También dejaban la zona con paso vacilante los miembros de 'La Coronela', un grupo de moteros pro independencia que toma el nombre de las agrupaciones civiles que lucharon en la guerra de 1714. Con cazadoras de cuero, tatuajes y cascos en la mano, habían colaborado con la ANC en el servicio de orden. «Nosotros estaremos con el president porque es el líder del proceso», decía Roger Bardía, el líder de los motociclistas por la independencia. «Todo es un paso más y lo importante es que se está escuchando la voz del pueblo».

En el tramo de las pantallas gigantes se habían escuchado largas salvas de aplausos mientras Puigdemont, en su discurso, se acordaba de los heridos en las cargas del 1 de octubre, día del referéndum ilegal y narraba la organización de la consulta con aroma de epopeya. En ese sector nadie aplaudió cuando el president renunció a proclamar la nueva república. «No sé si esto es lo más inteligente. Ya estamos en manos de Rajoy», se quejaba un hombre con una camiseta en la que se veía la foto del mayor Trapero, el mando de los Mossos procesado por sedición por haber puesto, supuestamente, a la policía catalana al servicio del referéndum ilegal.

«Traicionando al pueblo»

En el extremo norte del paseo, justo bajo el Arco de Triunfo, se encontraban los miembros de la Unió de Pagesos con sus tractores. Estos agricultores se han convertido en una especie de caballería pacífica del proceso y el día de la consulta ilegal acudieron con sus vehículos a algunos colegios como fuerza de interposición ante las fuerzas de seguridad. Su líder, Joan Caball, se mantenía frío tras la intervención de Puigdemont. «Están buscando una solución más política y eso no me parece mal. Es una incógnita qué va a pasar a partir de ahora, pero queremos pensar que esta es la posición más inteligente antes de que suspendan la autonomía o hagan cualquier otra cosa», afirmaba.

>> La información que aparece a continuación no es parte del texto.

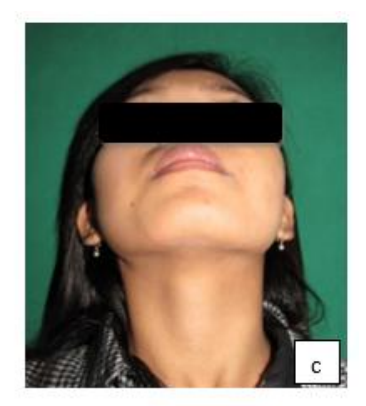
Fig. 1. Extra oral clinical photo: a. Front view, assimetrical face could be detected on the left maxilla region with unclear margin swelling, b. Right view, c. Bottom view.
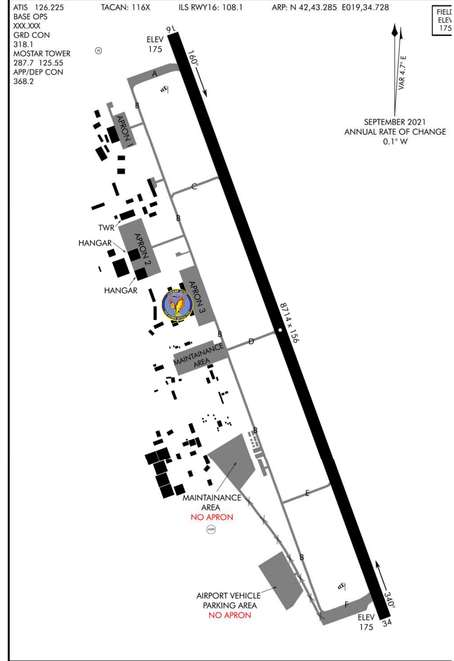
AIRPORT DIAGRAM NOT FOR REAL NAVIGATION - FALCON 4 BMS ONLY Updated: 21JAN22

MOSTAR (LQ) ORTIJEŠ, BOSNIA AND HERZEGOVINA
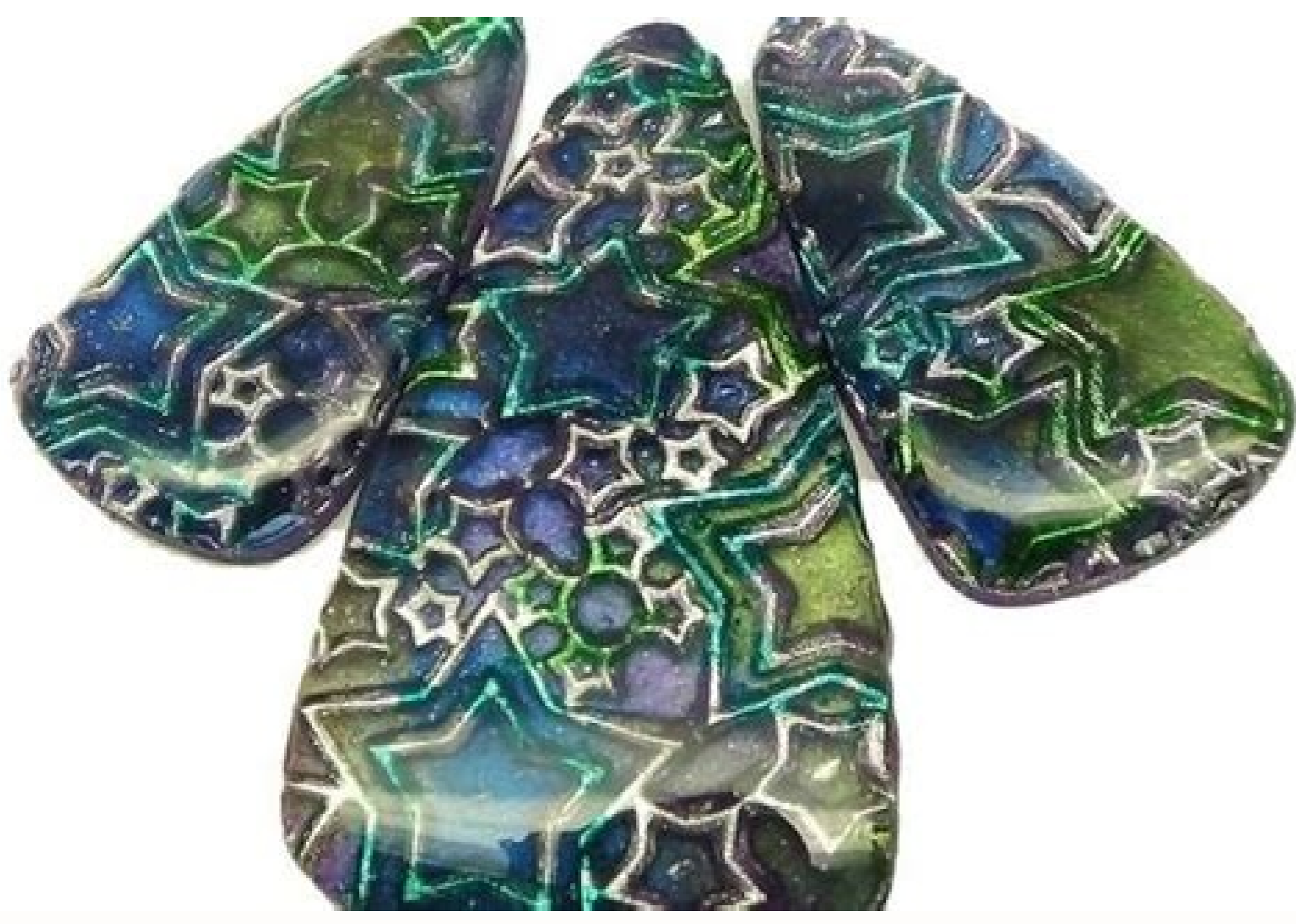
Brunei batik techniques. Modern batik techniques. Types of batik techniques. Batik techniques youtube. How to make batik techniques. How to use batik techniques. Tie dye and batik techniques. Different batik techniques.
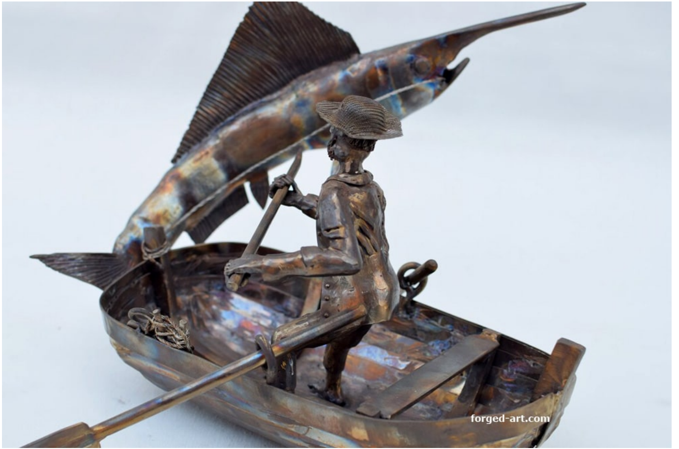
Sculpture from the work of Ernest Hemingway
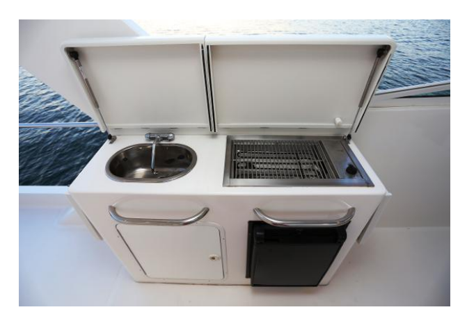
Pacific Mariner Flybridge
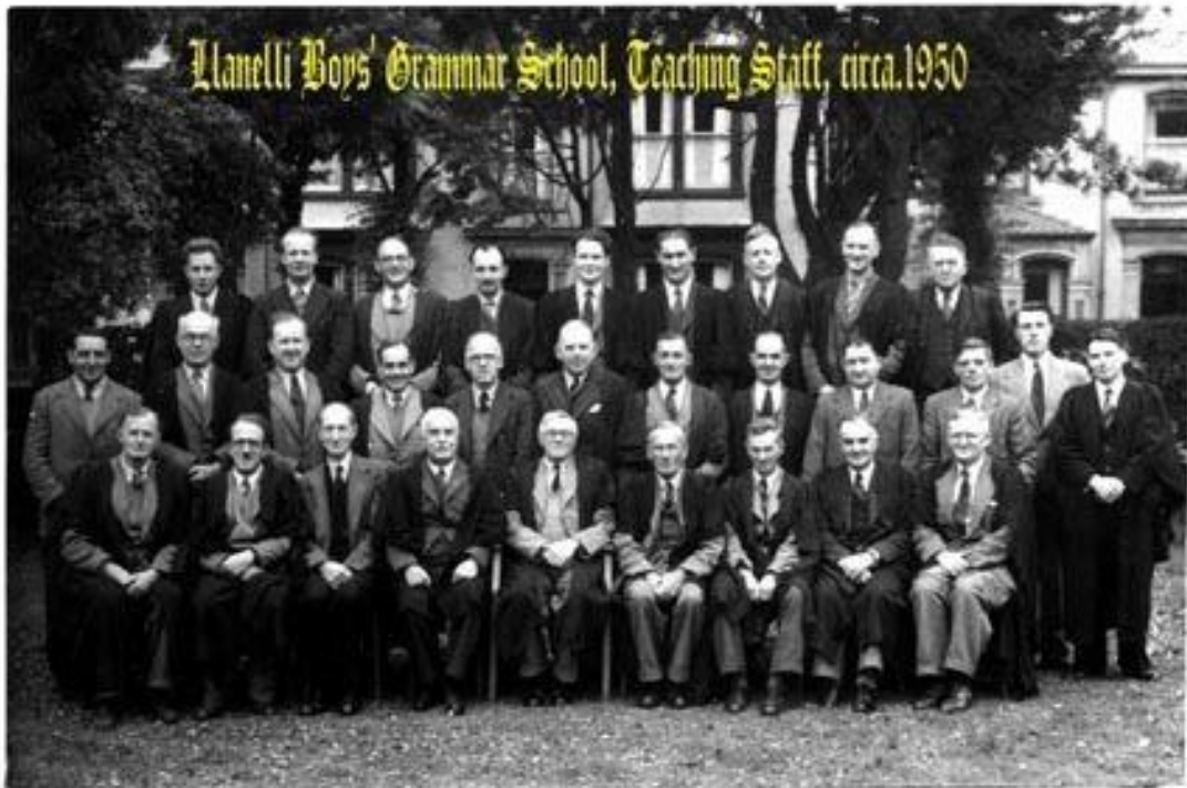
Llanelli Boys' Grammar School, Teaching Staff, circa.1950
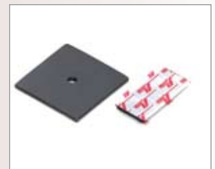
PD-150 (Sony) weight kit for JR 178-2016
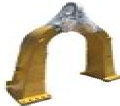
785/789C/D A FRAME RECON OUTRIGHT: $40,000+gst ea.
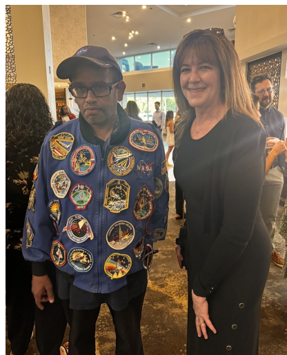
JANET KAVANDI
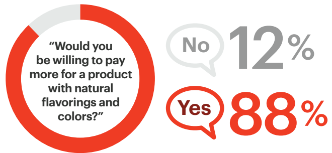
Figure 2: Consumers are willing to pay significantly more for a product with natural flavors and colors

Significantly more mums aged 18-40 (90%) are likely to pay more, compared to mums aged 41-65 (84%)
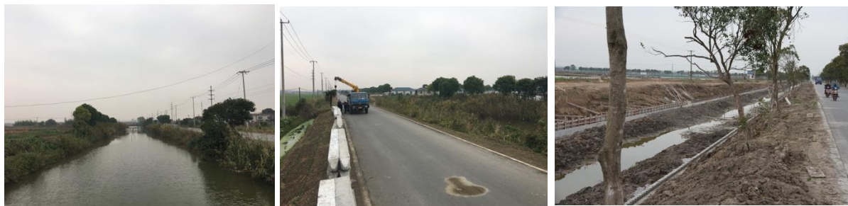
Figure 2. The transformation of Xinjiang Road River under the river project from 14-11-2017 to 29-03-2018.
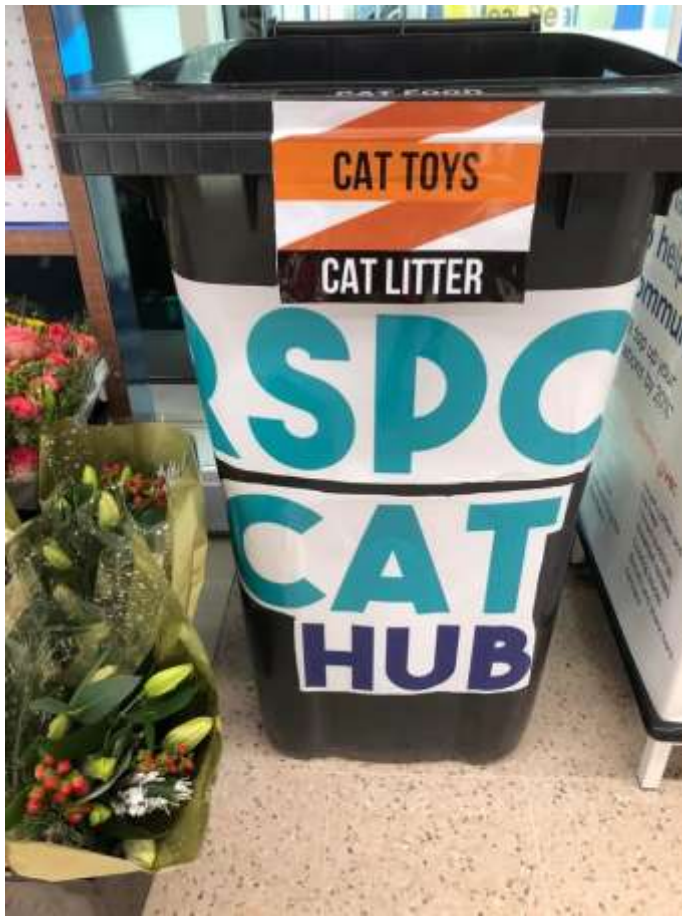
Donation bin in Tesco in Eaglescliffe

By the end of the year we had collection points in Stanhope Park Vets, Burts Carpets in Darlington, Darlington Vet Clinic, Morrisons' Morton Park store, Tesco in Eaglescliffe and in Cummins offices in Darlington. Donations of food and litter play a key role in helping us reduce outgoings.
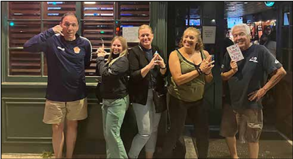
Tuesday Cluesday: winning team Man of the Ear (above) edged out the Anglo-Scottish Alliance (top) who doubtless owed their performance to their prudent choice of reading material between rounds
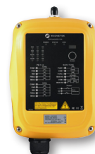
Flex EX 4/6 Receiver

Flex EX2 receivers were designed with field installation and serviceability in mind. Receivers come prewired with 6' of cable and mounting hardware allowing fast installation. Onboard diagnostic and output LEDs provide useful system status information when installing and troubleshooting. All components are easily accessible and field replaceable.

Al lado de los tractores desfilaban decenas de personas que se marchaban con gesto ausente. Todo cambió cuando compareció en el Parlament la líder de la CUP Anna Gabriel y las pantallas gigantes emitieron su voz e imagen. La intervención de la líder del movimiento antisistema fue recibida con una salva de aplausos. Cuando se dirigió a Puigdemont para pedirle que explicara qué mediación esperaba se escucharon «bravos» y volvieron los gritos de «independencia» que habían desaparecido tras la ducha helada del president. «Gabriel está hablando claro. Aquí hemos votado la independencia y una ley para que entre en vigor. Todo lo que no sea eso son políticos traicionando el mandato del pueblo», sentenciaba un militante de la CUP con cresta y tatuajes en el cuello. Se había pasado toda la tarde repartiendo pegatinas con el lema 'sense desobediencia no hi ha independencia' y hasta escuchar las palabras de la dirigente del movimiento independentistas había estado en silencio.

Mientras Anna Gabriel se llevaba los aplausos que el discurso de Puigdemont no había cosechado, un miembro veterano de la ANC observaba pensativo la pantalla gigante. «Se ha actuado con inteligencia pero a la gente más independentista que luchó por el referéndum y soportó las cargas policiales esto le va a frustrar», analizaba. Con una sonrisa melancólica concluyó. «Fue bonito mientras duró. Ya veremos para qué sirve esto de la vía eslovena o lo que sea».